А в ответ только треск разрядов, противный и пронзительный писк да бешено мчащиеся на соседней волне тире, точки, точки, тире…
Запустить бы сейчас Журавлеву порцию морзянки со скоростью групп пятнадцать. Я представляю, как, уловив в эфире пулеметные очереди ключа, Паша торопливо хватает карандаш и, придерживая двумя пальцами наушники, быстро-быстро записывает цифры и буквы. Он может принимать до двадцати групп в минуту. Это когда тире и точки сливаются в стремительную музыку. Кажется, в ней не под силу никому разобраться. Но Журавлев — радист первого класса. Он все поймет. И все запишет без единой ошибки. Ему бы только услышать… Но не слышит нас «Солнце». Исчезло, пропало оно куда-то вместе со штабной рацией и лучшим в полку радистом…
ПРИКАЗЫ НЕ ОБСУЖДАЮТ
Мглистая изморось все плотнее окутывает высотку мутным холодным пологом. Пожары в Нерубайке и Сосновке погасли. Наверное, там уже обрушились хаты: зарево исчезло бесследно, растворилось в морозном воздухе. Самоходки занимают приготовленные им гнезда — выдолбленные в мерзлой земле неглубокие квадратные ямы. На каждую выемку наезжает машина. С бортов, сзади и спереди мы закрываем дыры брезентом. И под днищем получается неплохое, почти комфортабельное убежище: здесь нет леденящего ветра и можно спокойно спать, пока часовой не поднимет «в ружье».
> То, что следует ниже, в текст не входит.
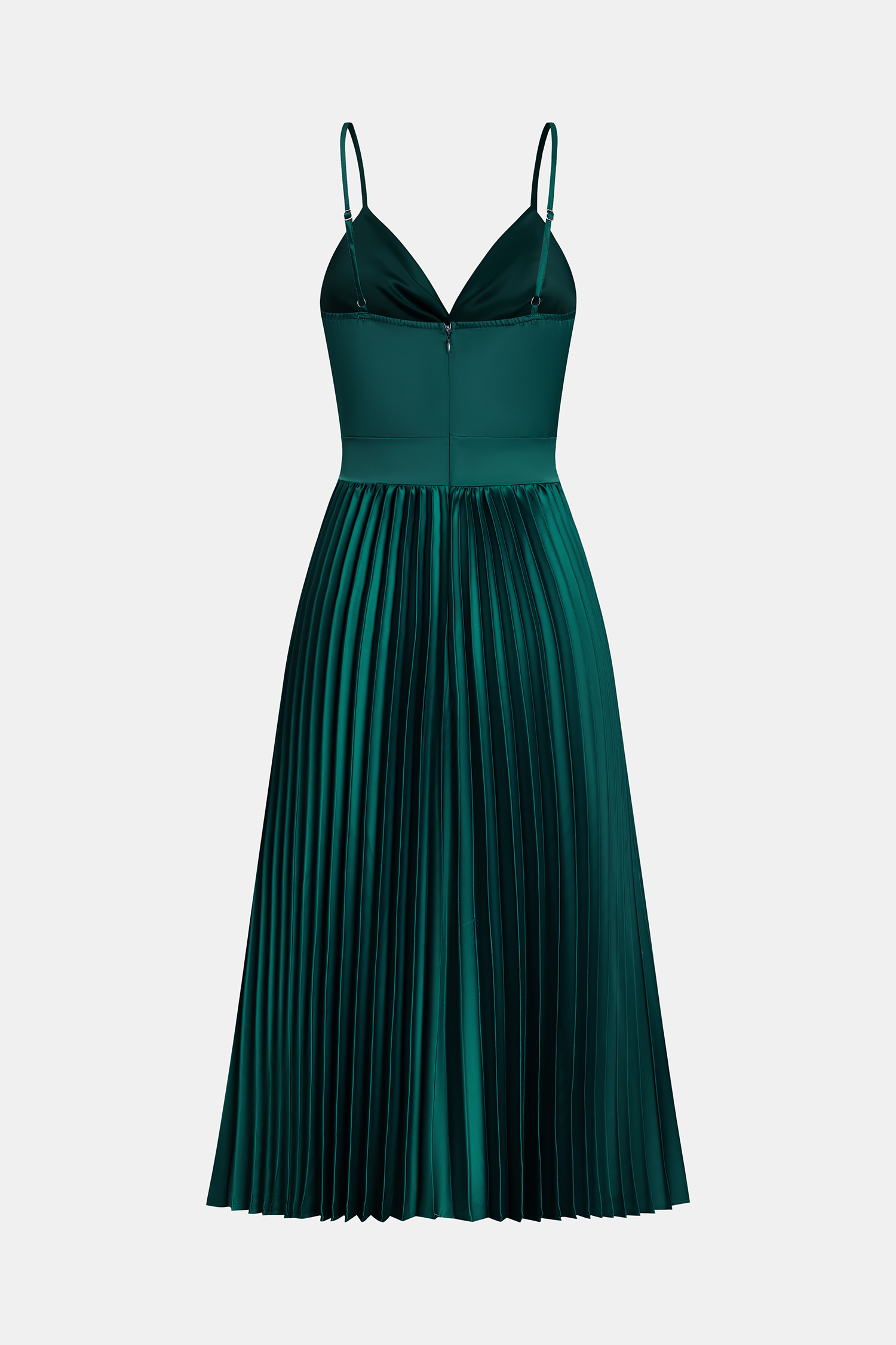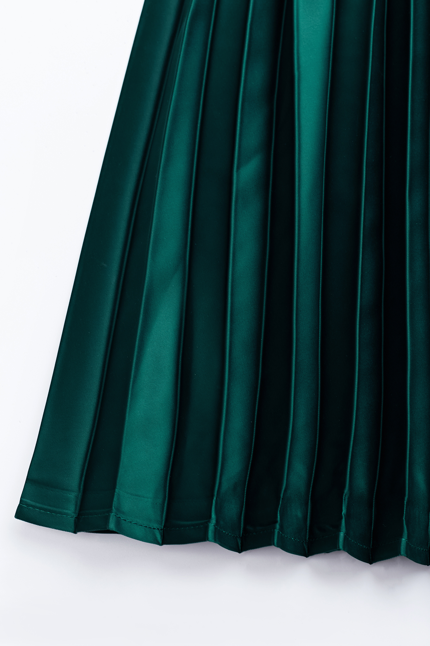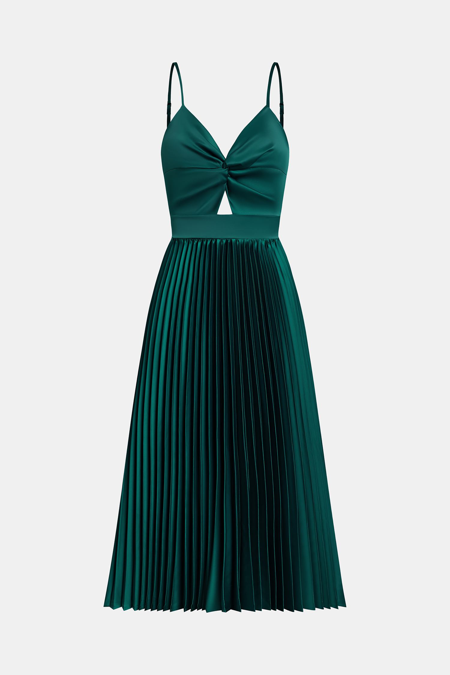 ¿Estás lista para ser el centro de atención? Este vestido largo verde con escote en forma de corazón y abertura en forma de cerradura te ofrece lo que buscas gracias a su favorecedor escote en forma de corazón y su llamativo detalle en forma de cerradura. La falda plisada agrega un toque dramático que la hace perfecta para esos momentos "wow".

Нам со Смысловым Кохов приказал не отходить от машины Грибана. И мы первыми забрались под стальное брюхо комбатовской самоходки, которая теперь стала похожа на клушку, а мы — на ее цыплят. На крышках от разбитых снарядных ящиков не очень удобно. Но если под бок постелить шинель, под голову сунуть вещевой мешок и, прижавшись друг к другу спинами, накрыться второй шинелью, то можно скоротать ночь. Только бы не свело от холода неприкрытые ноги.
— Ты часто так ночевал? — спрашиваю я Смыслова.
— Приходилось. — Он отвечает небрежно, словно речь идет о чем-то привычном.
Правда, он раньше меня на фронте, но все-таки верить ему с первого слова по крайней мере наивно. Никогда не поймешь, что у него на уме:- в полку всем известно, что Юрка большой фантазер и любит поймать на слове, подковырнуть, съехидничать.
— В окопах ты тоже спал?
Я один раз даже на шкафу ночевал. Зимой. В хате битком было, а я смотрю — шкаф. Взобрался. Сел. Зад уместился, а солдату больше не надо. Главное — не сверзился ночью, не загремел. И на рояле спал. Мы в клубе тогда размещались. А в окопах мне не совсем нравится. То сыро, то холодно, да еще гляди, чтобы шинель не примерзла. Солдат утром вскочит в атаку, смотришь, а у шинели его только одна пола. Вторая, примерзшая, в окопе осталась. Подожди, и ты еще полы поотрываешь.
Смыслов говорит это серьезным тоном. И я почти верю в его предсказание.
— И ты ни разу не простудился?
— На передовой не берет простуда… Военврач говорил, что это из-за нервной системы Павлова простуда не прилипает. Понимаешь, нервы пересиливают любую болезнь… Ну, хватит. Я спать хочу, — обрывает он разговор.